From September 2002 to June 2006, Fifty-three consecutive EUS-FNAs of GI tract subepithelial hypoechoic tumors with continuity to proper muscle layer suspected as GIST by standard EUS were evaluated prospectively. The reference standards for the final diagnosis were surgery (n = 31), or clinical follow-up (n=22). Additionally, immunophenotyping of specimens obtained by EUS-FNA and surgical resection specimens were compared.

RESULTS

In 2 cases puncture was not performed because of anatomical problems. The collection rate of adequate specimens from the GI tract subepithelial hypoechoic tumor with continuity to proper muscle layer was 82% (42/51). The diagnostic rate for the tumor less than 2 cm, 2 to 4 cm, and 4 cm or more were 71% (15/21), 86% (18/21), and 100% (9/9), respectively.
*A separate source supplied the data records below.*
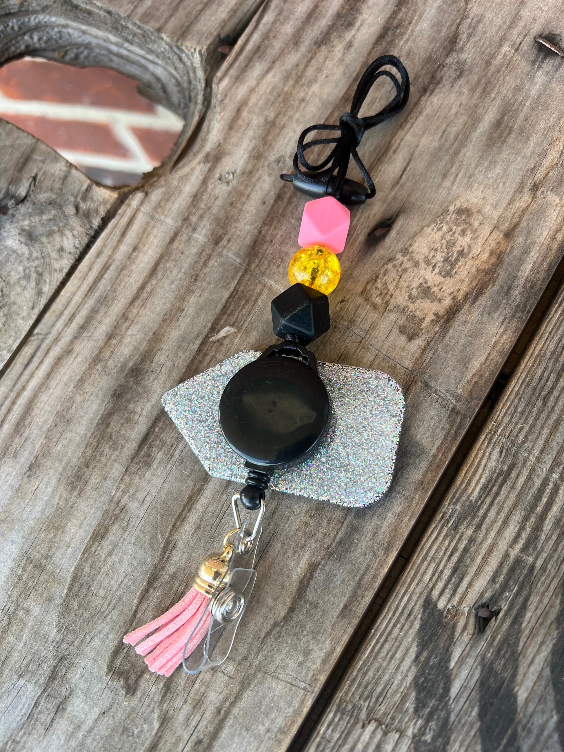 Acrylic Pencil on retractable badge holder with pink tassel. 3 beads on cording with plastic snap clasp.
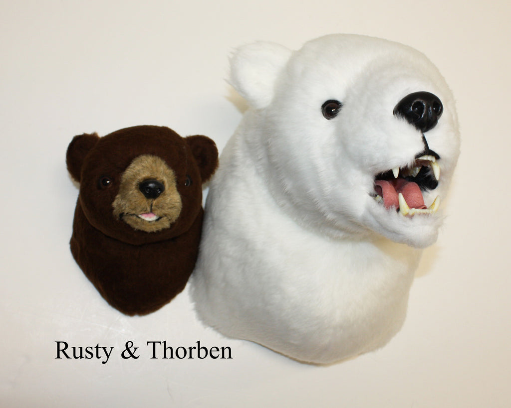 Thorben-Thor's bear-an animal of awesome respect to the Viking explorers. His head is sleek, almost streamlined. His mouth is wide open showing all of his teeth. His thick plush coat is super soft. Hang him high, give him lots of space, and he will look great.
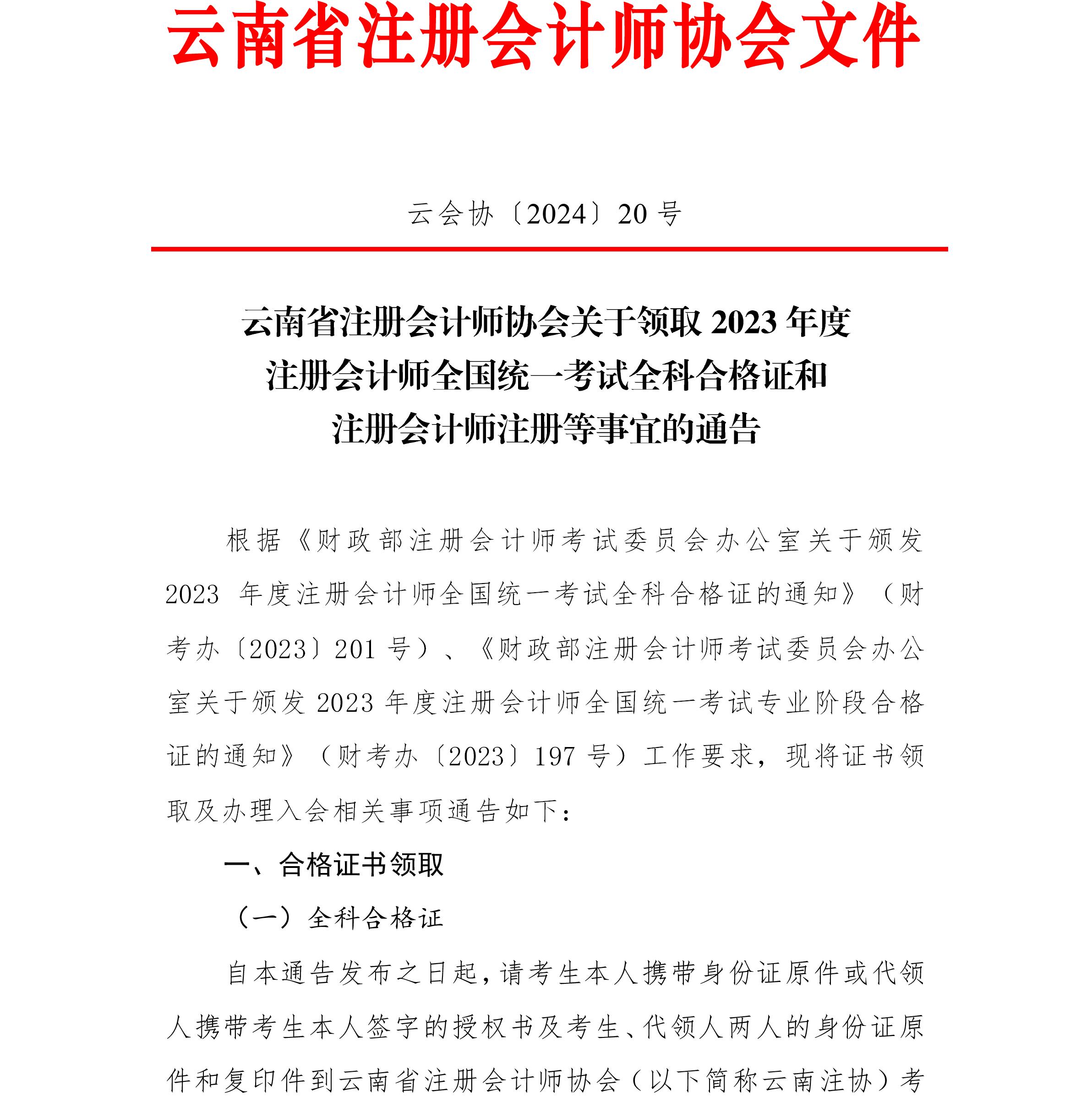 云南:關(guān)于領(lǐng)取2023年度注會(huì)考試全科合格證等事宜的通告
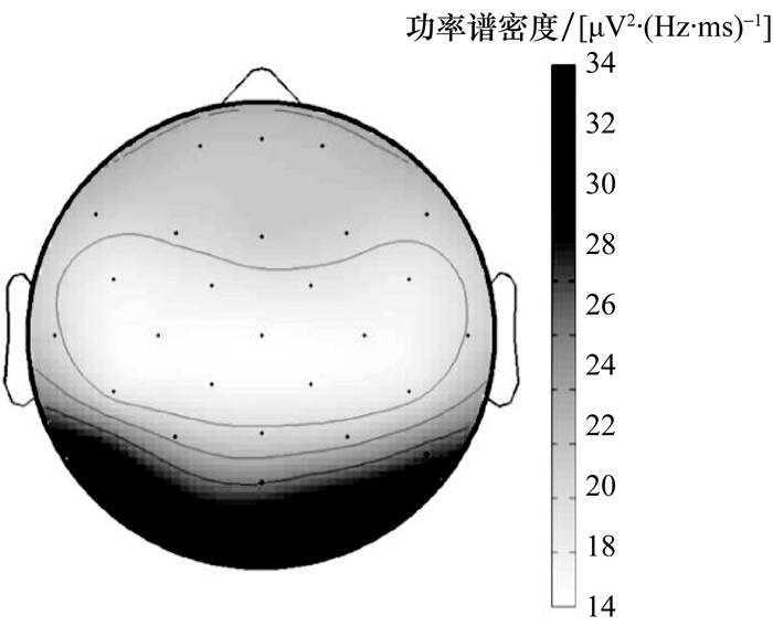 取1 600~2 000 ms时间段数据,计算所有导联Alpha波功率,可以得到脑地形图如图 5所示。图中显示,在接受刺激前的准备状态,脑地形图中额叶(Fp1、Fpz、Fp2)、颞叶(T7、T8)、枕叶(O1、O2)皆呈现出较高的Alpha波功率,其中以枕叶功率最高。运动感觉区(C3、C4)有较低的Alpha波功率。
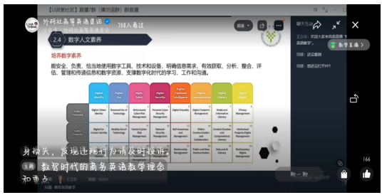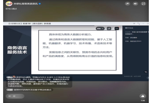 4月18日晚7点,商务英语专业全体教师参加了由外语教学与研究出版社主办的“数智时代的商务英语教学理念和重点”线上讲座,本次讲座邀请北京语言大学外国语学部教授、国际语言服务研究院院长王立非担任主讲。
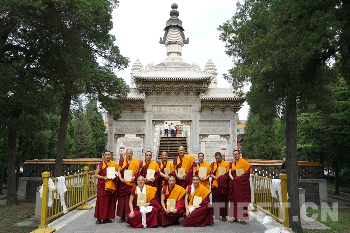 圖為中國(guó)藏語(yǔ)系高級(jí)佛學(xué)院第十四屆格魯派“拓然巴”學(xué)銜獲得者在西黃寺清凈化城塔前合影留念。后排右三為本文作者日巴。
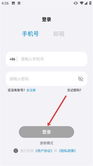 1、在登錄頁(yè),可選【手機(jī)號(hào)】輸入框填號(hào)+【密碼】框填密碼,勾選【我已同意《用戶協(xié)議》和《隱私政策》】后點(diǎn)登錄。
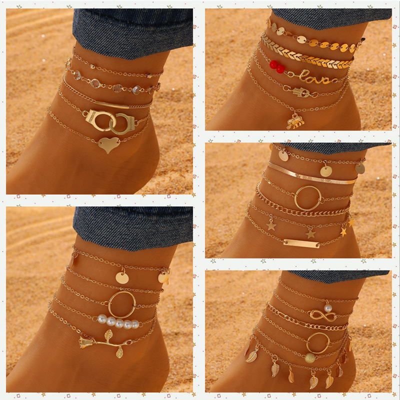 欧米風多層重ね付けフットチェーン アマゾン ヴィンテージ クラシック スパンコール 銅の葉 八の字 ビーチセット ジュエリー
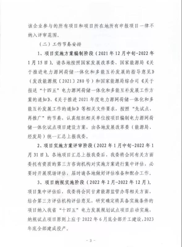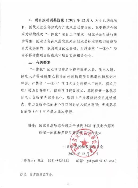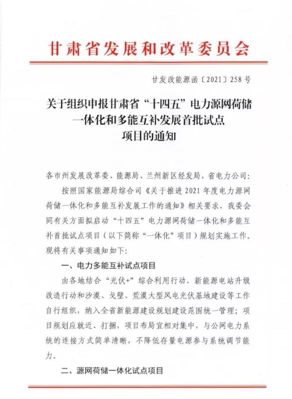 中國儲能網(wǎng)訊:12月20日,甘肅省發(fā)改委印發(fā)《關(guān)于組織申報(bào)“十四五”電力源網(wǎng)荷儲一體化和多功能互補(bǔ)發(fā)展首批試點(diǎn)項(xiàng)目的通知》,就項(xiàng)目申報(bào)有關(guān)事項(xiàng)給出具體指導(dǎo)。
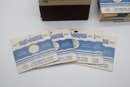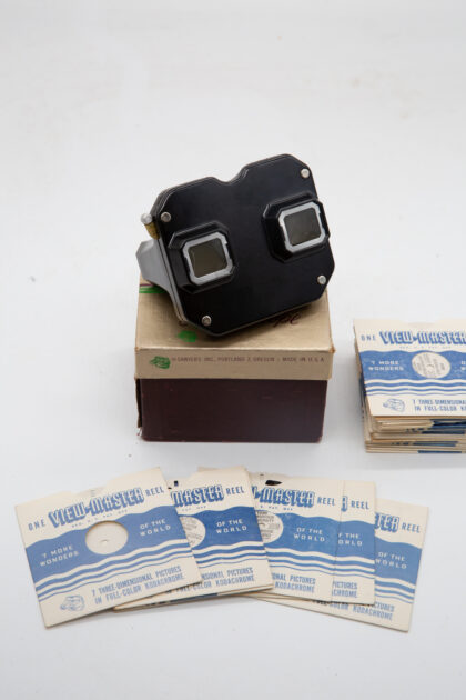 This 1950's View-Master 3D stereoscopic image viewer is in great condition. The £55 price includes three picture reels, not all the reels in the photos. We also have a further 27 picture reels that can be purchased at £5 per reel.
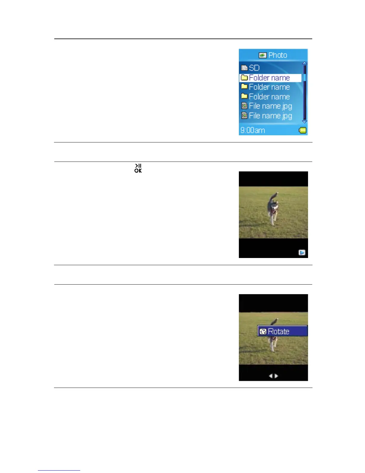 To rotate photos, call submenu while viewing photos,
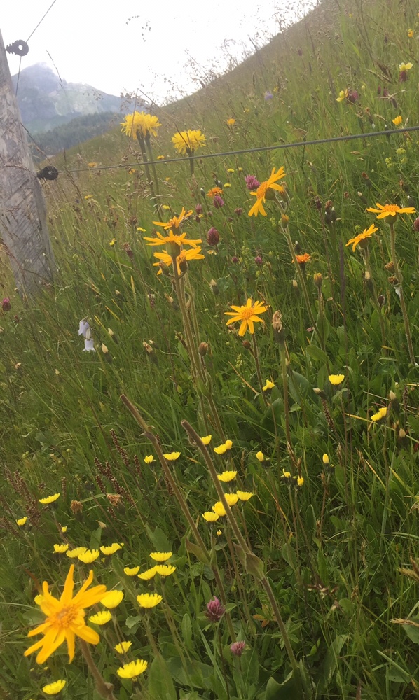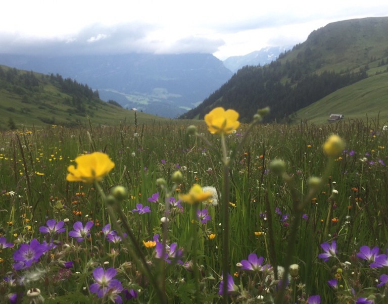 Kurzer Schwatz mit weidenden Kälbern und bestaunen der blumenreichen Alpweiden.
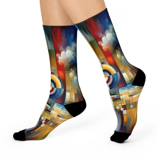 The image Oneness Through Tachism is a striking vertical Tachism style painting rich in color and texture. Tachism, a style of abstract painting, is characterized by splashes and dribbles of paint, yet this piece interprets that style in a more structured manner. The composition is a mosaic of vibrant, blurred blocks and strokes, creating a lively and dynamic mosaic. It evokes the complexity and diversity of existence through its varied hues and tones. At the painting s heart is a series of concentric circles, transitioning from dark to light colors, culminating in a bright center. Two white spheres seem to hover over the rings, suggesting balance and symmetry. This focal area might symbolize a point of convergence or an ultimate truth that scholars and mystics seek, surrounded by the chaos and fragmentation of the outer world. Below the circles, the painting features a reflective surface akin to water, adding a sense of depth and another layer of meaning—perhaps implying a form of deeper reflection or the subconscious. Above and around the central motif, abstract clouds or misty forms float, giving a sense of transcendence or spiritual ascent. Overall, the artwork captures the essence of simple acts laying the profound truths of existence and the sense of oneness that unites all inquiries and paths. The use of warm and cool colors together with orderly segments and the soft, organic forms suggests an underlying harmony in the apparent disorder, reflecting the paradoxical nature of reality.
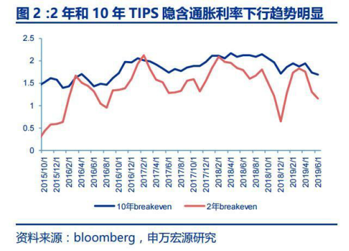 聯(lián)儲重點(diǎn)關(guān)注低通脹風(fēng)險(xiǎn),目前核心PCE(該數(shù)據(jù)出自美國,是衡量美國民間消費(fèi)通脹的關(guān)鍵指標(biāo))從2018年中到達(dá)2%之后持續(xù)下跌至1.6%,且市場對于未來通脹預(yù)期仍較悲觀,2年期和10年期TIPS隱含通脹利率以及紐約聯(lián)儲對于1年期和3年通脹預(yù)期中值顯示出短期至長期的通脹下行趨勢明顯。
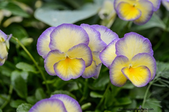 Violas grow best in leafy, humus-rich soil, with some shade during summer. They don’t fare well in hot conditions, which can lead to aphid infestations, especially when watering is neglected.
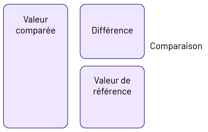 Image Un grand rectangle où l’on peut lire : valeur comparée. 2 rectangles plus petits, placés
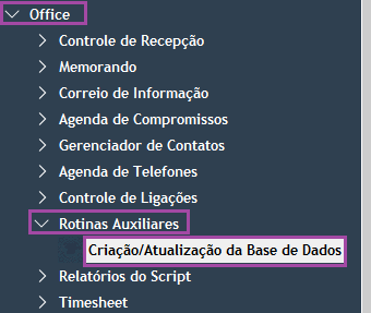 3- Dentro do GAP acesse: Office > Rotinas Auxiliares > Criação/Atualização da Base de Dados
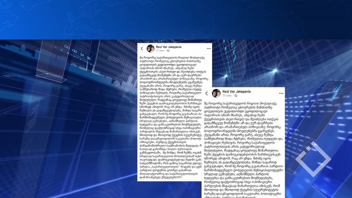 „გახარია საქართველოსთვის“ უმაღლესი საბჭოს სიაში რიგით მეოცე ნომერმა პარტია დატოვა, რევაზ ჯალაღანიამ აღნიშნულთან დაკავშრებით სოციალურ ქსელში დაწერა და განაცხადა, გმობს...
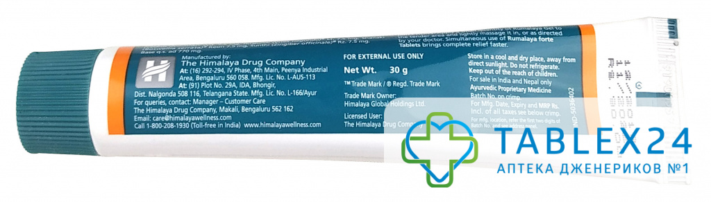 Натуральный аюрведический гель Румалайя – это продукт природного происхождения, который с успехом используется для облегчения суставной и мышечной боли, уменьшает чувство дискомфорта после ушибов и травм, снимает воспаление и отечность соединительных тканей и мышц. Регулярное применение препарата способствует восстановлению подвижности сустава и свободы движения. Уже с первого нанесения пациент может ощутить заметное облегчение. Курсовое применение Gel Rumalaya Himalaya совместно с таблетками позволяет получить устойчивый эффект, в том числе при обострении хронических недугов.
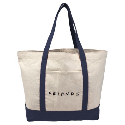 Friends Logo Canvas Tote Bag With External Pocket, Reusable Shoulder Bag for Shopping, School, Beach, Navy
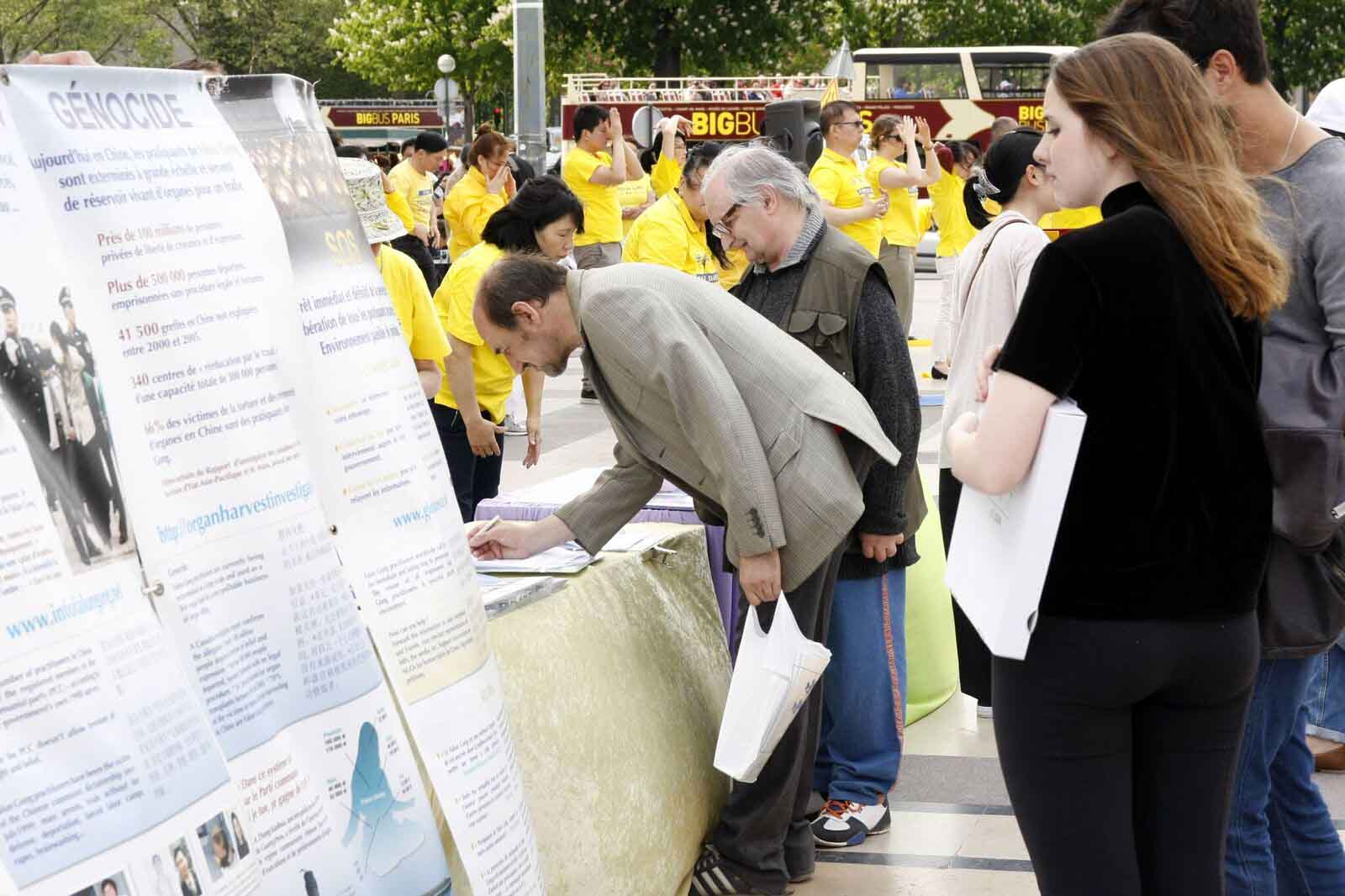当天下午,艾菲尔铁塔下的人权广场上人流如潮。法轮功学员表演了传统乐器演奏,优美的民间舞蹈,安静、祥和的炼功、打坐,吸引了游人的注意力,他们围观、拍摄,鼓掌、喝彩。另一边,同时摆放了真相展板,人们了解真相后都在征签表上签字,支持法轮功反迫害。

In 29 surgically resected cases, the sensitivity, specificity, positive predictive value, negative predictive value, and diagnostic accuracy of EUS-FNA using immunohistochemical analysis of GIST were 100% (24/24), 80% (4/5), 96% (24/25), 100% (4/4), and 97% (28/29), respectively. No major complications were encountered.

CONCLUSION

EUS-FNA with immunohistochemical analysis is a safe and accurate method in the pretherapeutic diagnosis of GIST. It should be taken into consideration in decision making, especially in early diagnosis following minimal invasive surgery for GIST.

摘要

目的

评估内镜超声引导下细针穿刺抽吸术(EUS-FNA)在胃肠道间质瘤(GIST)术前诊断中的作用。

方法

对2002年9月至2006年6月期间,53例经标准EUS怀疑为GIST且与固有肌层连续的胃肠道上皮下低回声肿瘤连续进行EUS-FNA检查,并进行前瞻性评估。最终诊断的参考标准为手术(n = 31)或临床随访(n = 22)。此外,对EUS-FNA获取的标本和手术切除标本的免疫表型进行了比较。

结果

2例因解剖问题未进行穿刺。从与固有肌层连续的胃肠道上皮下低回声肿瘤中获取足够标本的成功率为82%(42/51)。直径小于2 cm、2至4 cm和4 cm及以上肿瘤的诊断率分别为71%(15/21)、86%(18/21)和100%(9/9)。在29例手术切除病例中,使用GIST免疫组化分析的EUS-FNA的敏感性、特异性、阳性预测值、阴性预测值和诊断准确性分别为100%(24/24)、80%(4/5)、96%(24/25)、100%(4/4)和97%(28/29)。未发生重大并发症。

结论

EUS-FNA联合免疫组化分析是GIST术前诊断的一种安全、准确的方法。在决策时应予以考虑,尤其是在GIST微创手术后的早期诊断中。